Spot on. Let’s try something wild, while we’re here.
mathieu@ml recovery (master)$ git checkout 24e3752f7a73ae98b361ce1c260e1f285d653447 Note: moving to "24e3752f7a73ae98b361ce1c260e1f285d653447" which isn't a local branch If you want to create a new branch from this checkout, you may do so (now or later) by using -b with the checkout command again. Example: git checkout -b <new_branch_name> HEAD is now at 24e3752... On master: Questioning the universe mathieu@ml recovery (24e3752...)$
As you may have noticed, my console always indicates which branch I’m in, so far [2]. But now I seem to be in some kind of twilight zone, which Gitk confirms.
Let’s follow Git’s suggestion and make that a branch.
mathieu@ml recovery (24e3752...)$ git checkout -b recovery Switched to a new branch "recovery" mathieu@ml recovery (recovery)$
Looks weird, like stashed items always do, but at least we have our commit.
After fiddling around with what’s been recovered from the stash, I recommend NOT keeping it as a commit.
If you try to replay the change in the recovery branch over master’s most recent commit, you lose the “Questioning the universe” commit. Probably because a stash is a weird kind of commit, or maybe because of a bug. I don’t know.
(Don’t follow this one in your console)
mathieu@ml recovery (recovery)$ git rebase master #I said don't do this one First, rewinding head to replay your work on top of it... HEAD is now at 93b0c51... Now that was cool Nothing to do.
If instead I checkout master and then rebase its last change over the ‘recovery’ branch it seems to work.
However since I just saw a commit disappear when rebasing the other way around, I get the feeling that this isn’t a normal commit and it may come back to haunt me later.
Recover it by applying a diff
Let’s just apply the diff to master.
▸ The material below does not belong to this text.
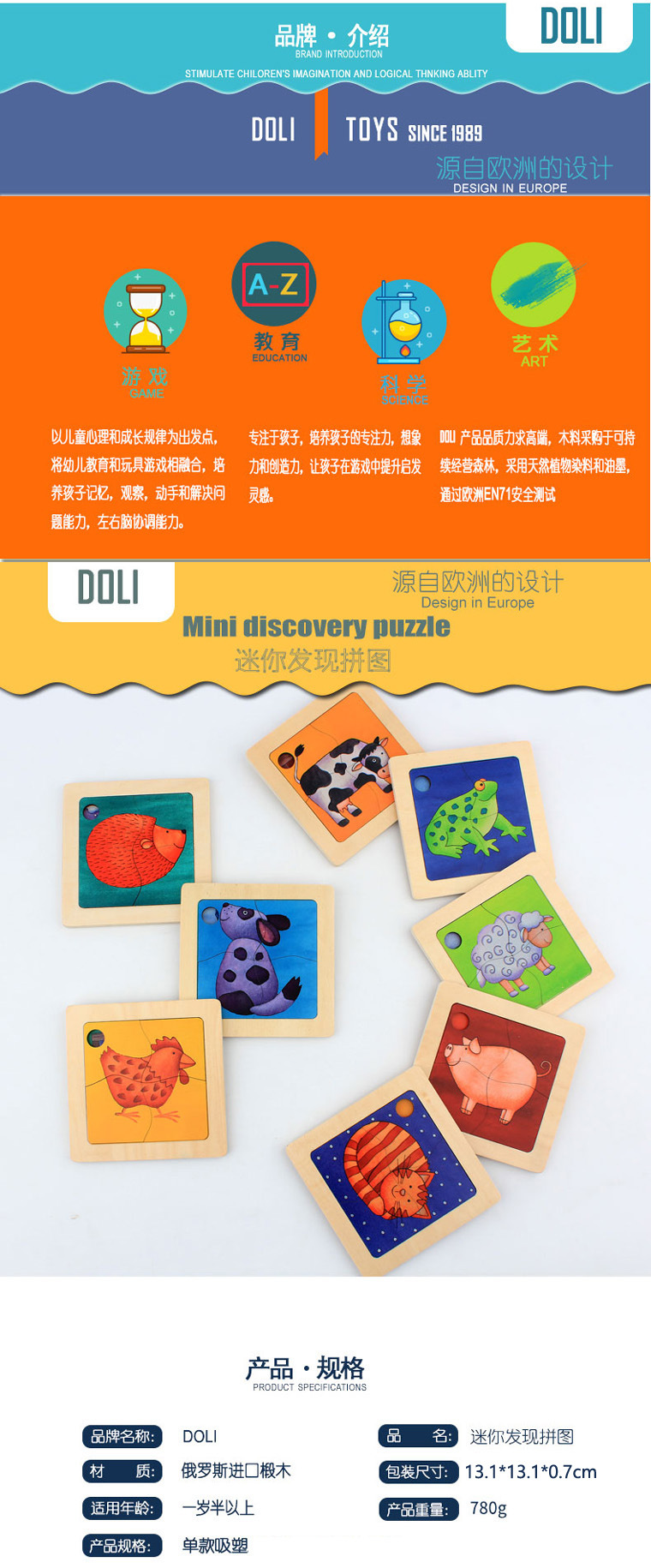 독일로 수출 미니 디스커버리 퍼즐 아기 및 유아 조기 교육 4피스 퍼즐 0-1-2-3세 교육 장난감스토어 가기

I’ll do as if it actually was a substantial commit, involving lots of modifications on lots of files, and apply it automatically with ‘git apply’.
First let’s visualize where we’re at, again:
A diff against master is not what we want since master includes a new (very cool) commit.
Instead we just want to see the changes introduced by the current commit. To do this we can compare it with the common ancestor between the master and recovery branches. So let’s start by finding it’s ID.
mathieu@ml recovery (recovery)$ git diff 6da726f37683c83947d54314cd32ca1ee9d490e0 diff --git a/file b/file index 557db03..f2a8bf3 100644 --- a/file +++ b/file @@ -1 +1,2 @@ Hello World +What does that mean?
Looks good. Now we throw that diff upstairs.
git diff 6da726f37683c83947d54314cd32ca1ee9d490e0 > ../recovery.diff
Then get apply it to our master branch.
mathieu@ml recovery (recovery)$ git checkout master Switched to branch "master" mathieu@ml recovery (master)$ git apply ../recovery.diff
And we finally confirm that everything’s under control.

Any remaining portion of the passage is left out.